DATA FOR REVIEW =
------------------------
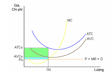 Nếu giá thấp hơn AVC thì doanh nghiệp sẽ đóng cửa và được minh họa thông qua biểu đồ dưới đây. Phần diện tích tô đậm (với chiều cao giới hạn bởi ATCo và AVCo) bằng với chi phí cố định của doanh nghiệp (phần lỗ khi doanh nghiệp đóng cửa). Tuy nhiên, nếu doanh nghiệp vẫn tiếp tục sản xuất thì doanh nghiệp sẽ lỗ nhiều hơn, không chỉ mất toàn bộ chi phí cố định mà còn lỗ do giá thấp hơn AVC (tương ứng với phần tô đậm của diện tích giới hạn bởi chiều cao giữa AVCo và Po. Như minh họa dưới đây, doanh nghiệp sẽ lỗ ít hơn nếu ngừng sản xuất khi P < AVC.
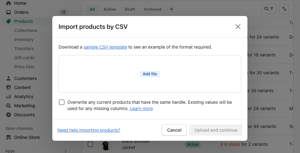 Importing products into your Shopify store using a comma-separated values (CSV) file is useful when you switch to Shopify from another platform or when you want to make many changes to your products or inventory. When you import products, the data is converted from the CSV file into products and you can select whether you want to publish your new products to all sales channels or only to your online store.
------------------------
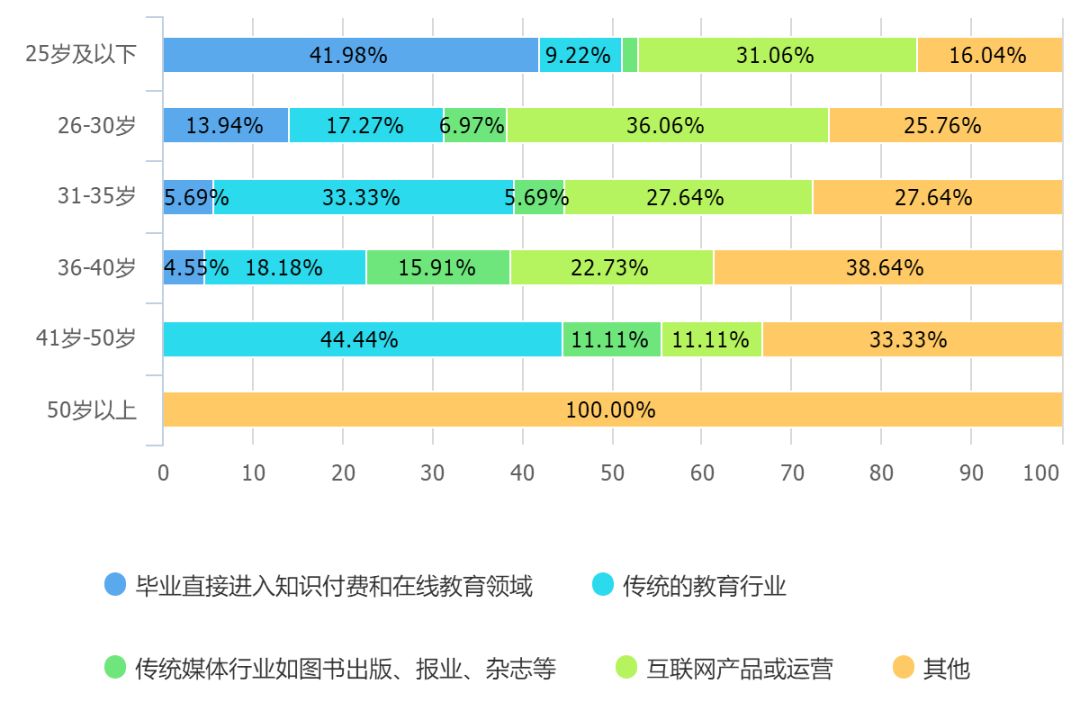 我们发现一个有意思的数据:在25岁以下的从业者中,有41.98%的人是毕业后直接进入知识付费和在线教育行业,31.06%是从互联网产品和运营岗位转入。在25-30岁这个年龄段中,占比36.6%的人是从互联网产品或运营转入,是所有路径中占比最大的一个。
------------------------
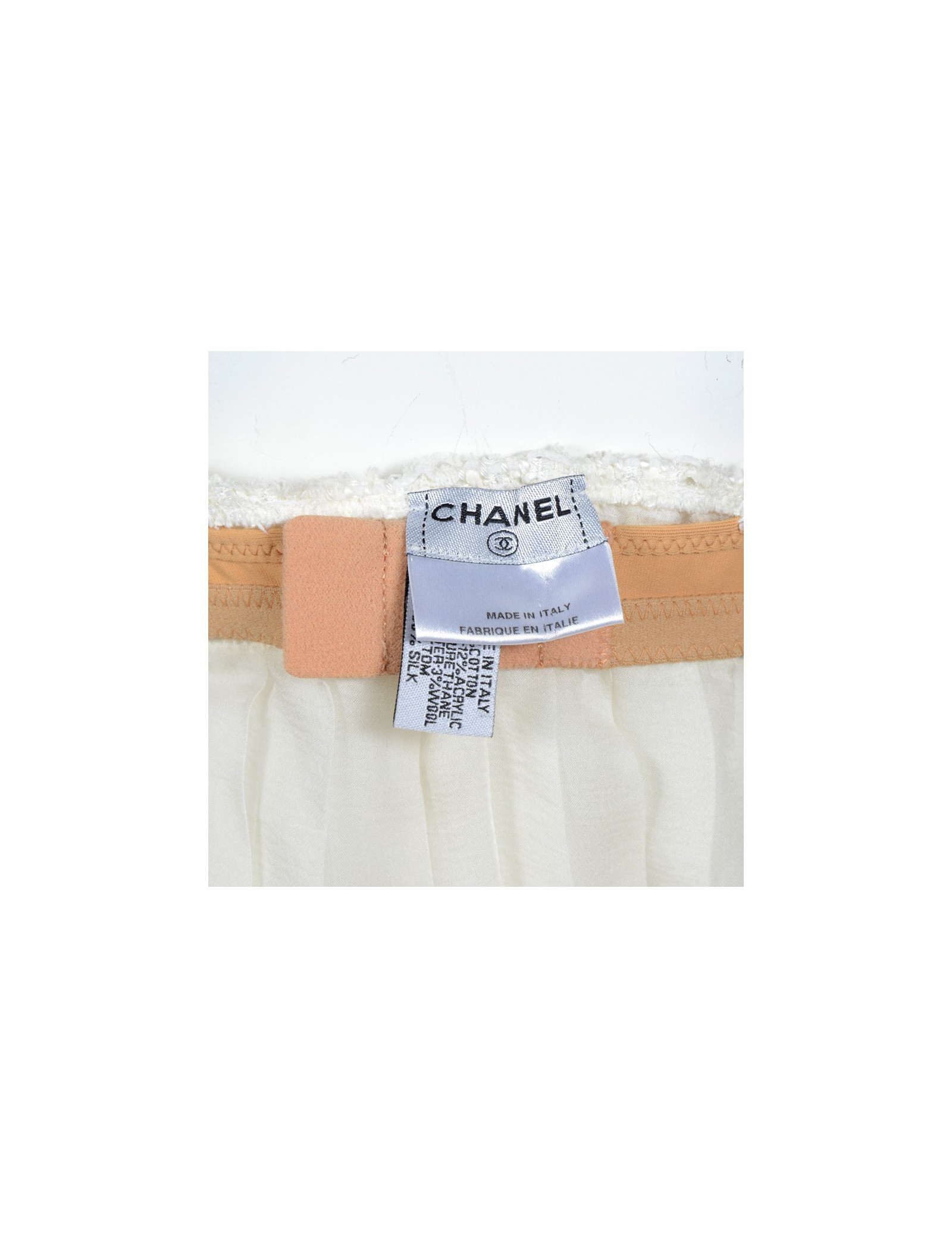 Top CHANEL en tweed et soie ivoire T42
------------------------
EXERCISE DETAILS =
Only one stretch of the material above is wanted: the line containing "Nếu giá thấp" through the line containing "Importing products into". Restate it word for word, minus the pictures.

ANSWER BOX =
 Nếu giá thấp hơn AVC thì doanh nghiệp sẽ đóng cửa và được minh họa thông qua biểu đồ dưới đây. Phần diện tích tô đậm (với chiều cao giới hạn bởi ATCo và AVCo) bằng với chi phí cố định của doanh nghiệp (phần lỗ khi doanh nghiệp đóng cửa). Tuy nhiên, nếu doanh nghiệp vẫn tiếp tục sản xuất thì doanh nghiệp sẽ lỗ nhiều hơn, không chỉ mất toàn bộ chi phí cố định mà còn lỗ do giá thấp hơn AVC (tương ứng với phần tô đậm của diện tích giới hạn bởi chiều cao giữa AVCo và Po. Như minh họa dưới đây, doanh nghiệp sẽ lỗ ít hơn nếu ngừng sản xuất khi P < AVC.
 Importing products into your Shopify store using a comma-separated values (CSV) file is useful when you switch to Shopify from another platform or when you want to make many changes to your products or inventory. When you import products, the data is converted from the CSV file into products and you can select whether you want to publish your new products to all sales channels or only to your online store.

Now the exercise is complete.